In this matter, the applicant was invited to a hearing where the allegations were outlined to her. She was asked to answer to the charges. The applicant made her explanations. The explanation was apparently not plausible as such considering that the applicant had previous warning on similar allegations, the respondent decided to terminate the applicant’s services through summary dismissal.

Previous Warnings

The applicant was issued with a written warning on 22 October 2003. It has been held that: An employer is allowed to consider previous written or verbal warnings when deciding whether to dismiss an employee. See the case of Prindella V Limbe Leaf Tobaco Company Ltd [Matter No. IRC 49 of 2002(unreported)], see also Kamanga V Machinery Spares & Trading (MST) Ltd [Matter Number IRC 51/2003 (unreported)]
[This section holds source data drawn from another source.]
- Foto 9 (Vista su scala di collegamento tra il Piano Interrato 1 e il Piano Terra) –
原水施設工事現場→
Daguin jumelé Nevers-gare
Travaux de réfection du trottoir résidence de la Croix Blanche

Interference with Employer’s Decision

It has been held in this Court that decisions of employers should not be tampered with if there is no allegation that the process to arrive at the decision was not fair. See the case of Kachingwe &others V Southern Bottlers Mw Ltd [Matter No.162 of 2003(unreported)]. In that case the Court quoted with approval a holding of the Labour Appeal Court of South Africa in the case of County Fair Foods (Pty) Ltd V CCMA & others [1999]11BLLR 1117 (LAC), per Kroon JA:

“[interference] with the employer’s sanction “ is only justified in the case of ……..unfairness.” However, the decision of the arbitrator as to the fairness or unfairness of the employer’s decision is not reached with reference to the evidential material that was before the employer at the time of its decision but on the basis of all evidential material before the arbitrator.”
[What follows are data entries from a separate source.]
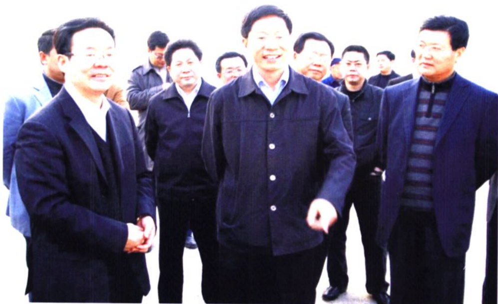
2009年3月9日，省委常委、副省长钟勉（中），市委副书记、市长侯晓春（左一），市委副书记、政法委书记余仪（右一）调研现代农业示范园区建设情况
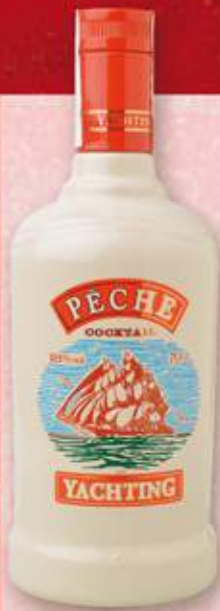
PÊCHE YACHTING Licor 5,99 €
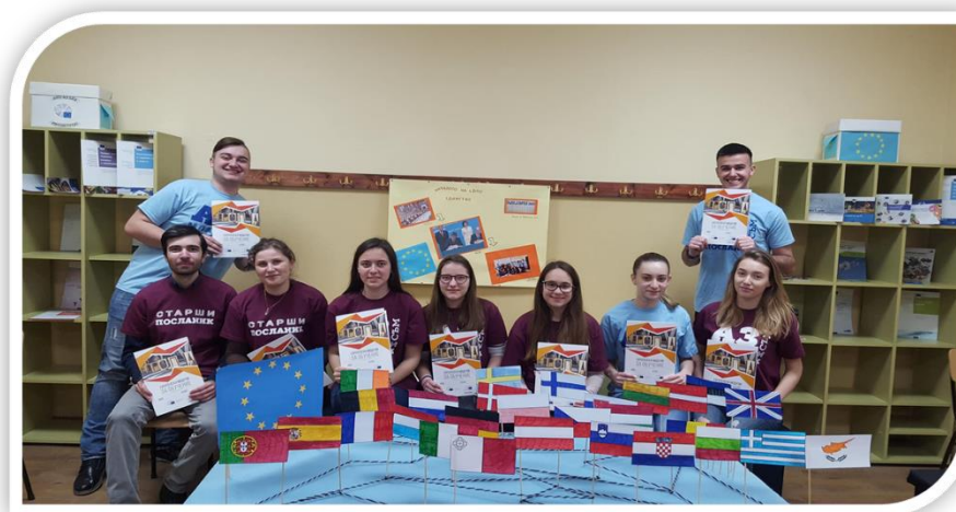
Фигура 3. Част от участниците

В началото на учебната 2017/2018 година за работа по „Програмата за училища посланици на Европейския парламент“ кандидатстваха 100 училища от различни градове в България. След разглеждане на кандидатурите бяха избрани 30 от тях, които да участват в нея. Сред одобрените училища беше и ПЕГ „Никола Йонков Вапцаров“ град Шумен (Фиг. 3).

It was heard in the instant case that the applicant was invited to appear before an inquiry where the allegations were put to her and she was asked to answer to them. The hearing was fair although the applicant alleged that termination letter had been written before hand. What was important was that at the time of the hearing the applicant was free to state her case and put in her defence. The decision to dismiss and the dismissal itself came after the hearing. The Court has no reason to interfere with the sanction imposed by the respondent.


The Court finds that the respondent complied with the law. The dismissal was fair according to section 57 of the Employment Act. Action is dismissed in its entirety.

Any party aggrieved by this decision is at liberty to appeal to the High Court within 30 days of this judgment.

Pronounced this 13th day of June 2006 at BLANTYRE.